I should mention that thanks to the Internet, I was never out of touch with baseball. In fact I was closely anticipating the 2011 season. The previous fall, the Giants had won their first World Series since moving to San Francisco, and even though I grew up a Dodgers fan, I had fallen in love with the thong-wearing, bearded band of misfits and castoffs who beat the odds in 2010. I was counting down the days until spring training, when the Giants would begin defending their championship. I watched the opening-day festivities from afar -- literally the other side of the world -- but the distance only seemed to intensify my interest. Thanks to an eleven-and-a-half-hour time difference, I watched night games on my computer over breakfast. I hadn't followed baseball this closely since middle school. No doubt the Giants renaissance was partially responsible, but so was the expatriate effect -- the same urge compelling me to write about the missions.

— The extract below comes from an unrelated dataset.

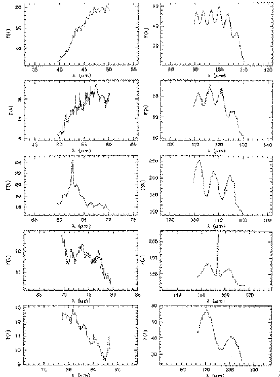 SW1 LW1 SW2 LW2 SW3 LW3 SW4 LW4 SW5 LW5This source has a strong continuum and the zero point is off the plot on the (unreadable) y-axis of these plots, with only the top 20% or 30% of the emission plotted. The [OI] 63 um line can be see on a ripple peak in SW3 while the [CII] 158 um line is in a trough in LW4.

One morning after the last West Coast game ended and everyone went to sleep in America, I put down Father Junípero and opened a new window in the word processor. "Dad wasn't a ball player," I wrote, "but he told me that if I wanted to make some easy money I should be a left-handed pitcher." By noon I had a thousand words (normally it takes me all day to write that much). For lunch I ate some leftover daal and ran back to my room. By the end of the day I had something like 3500 words describing an aging left-handed reliever with a sideline in detective work. He was divorced. His ex lived in Santa Monica with their daughter. I went to bed that night on fire, wondering what would happen if I skipped class the next morning to stay home and write. I ended up teaching, but when I got home I picked up where I'd left off. By the end of the week I had the beginning of a plot, a good working title, and most importantly my detective: Johnny Adcock, The Setup Man, was in business.